Я пришла к зданию редакции радиовещания. День был прекрасным, ранняя весна, дул прохладный северо-восточный ветер. Он ждал меня в служебном автомобиле. Все мои коллеги знали, куда я собралась, и я, пока тащила сумку к машине районного суда, чувствовала себя в безопасности. Он вышел из машины. За рулем сидел какой-то мужчина, на заднем сиденье — женщина. Что это за люди? Женщина — председатель суда, мужчина — шофер, они тоже едут на уик-энд, подбросят нас до побережья, а обратно вернемся на автобусе. Мы двинулись в путь. Через два часа решили ненадолго остановиться. Председатель суда сказала мне в туалете: ну, супер, вижу, и вы на пути к свободе, я от своего кретина избавилась шесть лет назад, все ему оставила, не повторяйте моей ошибки… Я в другой фазе, сказала я, доставая из упаковки бумажную салфетку, вода из крана еле текла. И тем не менее, сказала рыжеволосая дама-судья, какой ему от того прок? Сейчас он умирает от рака прямой кишки, а я трахаюсь с парнем, который моложе меня на пятнадцать лет. Я сделала все, чтобы он об этом узнал, стресс ускоряет развитие болезней, может, скорее сыграет в ящик. О, что вы, сказала я, ненависть разрушительна, я читала в журнале, постоянные мысли о наших врагах поднимают у нас давление и вызывают аритмию, расслабьтесь, вдруг вы заболеете, я своему не желаю смерти от рака, на самом-то деле я ему этого еще как желала, но мне не хотелось делиться мечтами с незнакомой женщиной, ненависть убивает, будьте осторожны. Ненависть лечит, сказала судья, ненависть нужно выпускать из себя наружу, пусть она гуляет на свободе, пусть найдет того, кого надо, схватит его, сожмет, задушит, пусть он подохнет! Она вся дрожала, в левой руке у нее была помада, она красила губы. Ненависть — это лекарство, возненавидьте его! Заберите у него все, что можете забрать, они ценят женщин, которые их ненавидят, они уважают это чувство, потому что им самим оно очень хорошо знакомо! Эти гады заслужили нашу ненависть! Ругайтесь, кричите, бейте его! Я боюсь, что он меня убьет, сказала я. Бачок унитаза был поломан, вода подтекала, было слышно, как она шумит. Да, сказала судья, такое возможно, таких судят чуть не каждый день, это риск, с которым связано и все остальное, под чем мы подписываемся, заключая брак в церкви, на вершине невысокой горы над нашим городом. Мы вышли из туалета и сели в машину, они уже сидели на своих местах.
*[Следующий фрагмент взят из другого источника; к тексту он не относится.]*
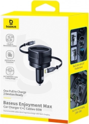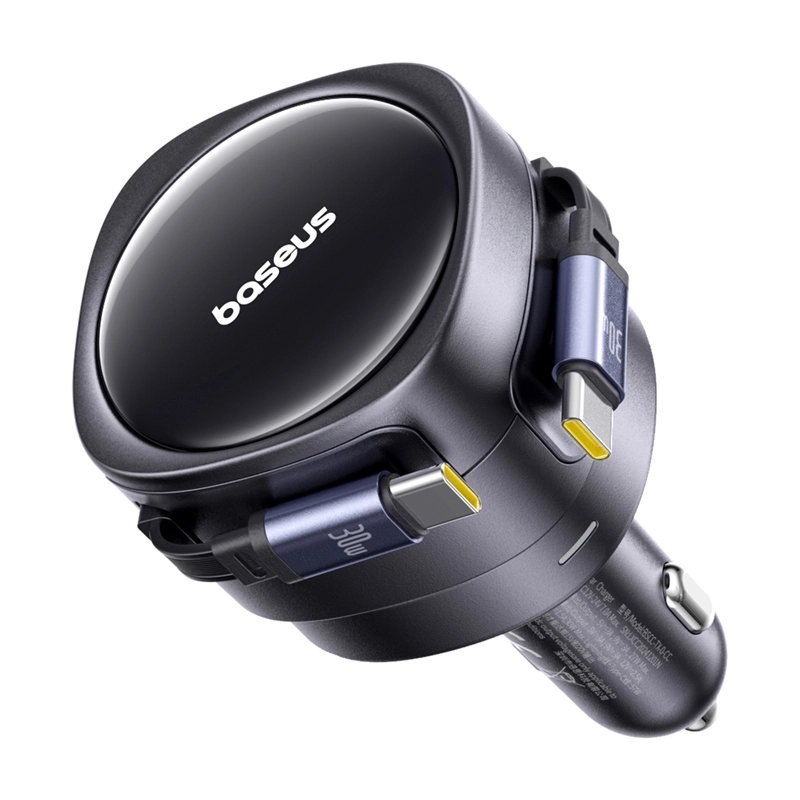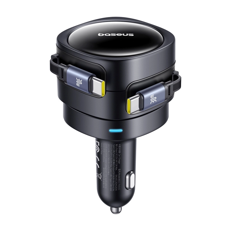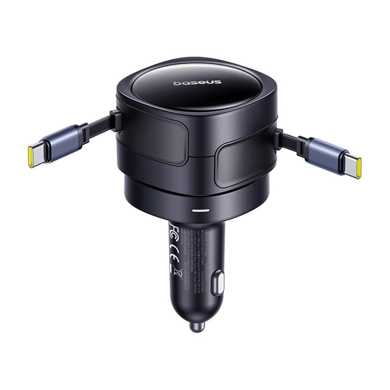Ładowarka samochodowa Baseus oferuje kompaktowy i elegancki design, idealny do wszechstronnego użytku w samochodzie. Z podwójnymi kablami USB-C o długości 80 cm umożliwia ładowanie dwóch urządzeń jednocześnie, bez plątaniny kabli dzięki mechanizmowi obrotowemu do 180°.

Через час мы остановились на набережной и вытащили две наши сумки. Мы поднялись на борт небольшого суденышка. Волны были огромные, с барашками на гребне, между ними темно-синяя пропасть, потом опять белая пена, ненавижу волны, боюсь моря, и бурного, и спокойного. Капитану было лет двадцать, может, и меньше. Меня рвало за борт, но против ветра, поэтому банановое пюре, кока-кола и желчь попадали прямо в лицо. Он придерживал мою голову, мне было приятно сознавать, что утонем мы вместе. На стенах в нашем доме висели картины со старинными судами. Маленькие пароходики возносились на волнах, высоких как горы, или проваливались в глубину между ними. Какая гадость! Моря я не боялась до тех пор, пока не забралась на Кук. Кук — это огромная скала на нашем самом лучшем пляже, от моего дома до него примерно полкилометра. Она торчит прямо в небо, в высоту метров двенадцать, а может, и все пятнадцать. Залезть на нее может каждый. Нужно встать на первый выступ, схватиться руками за тот, что выше, и так далее, до верха. Верх — это плоский камень, на котором хватает места для одного человека. А спуститься оттуда не может никто.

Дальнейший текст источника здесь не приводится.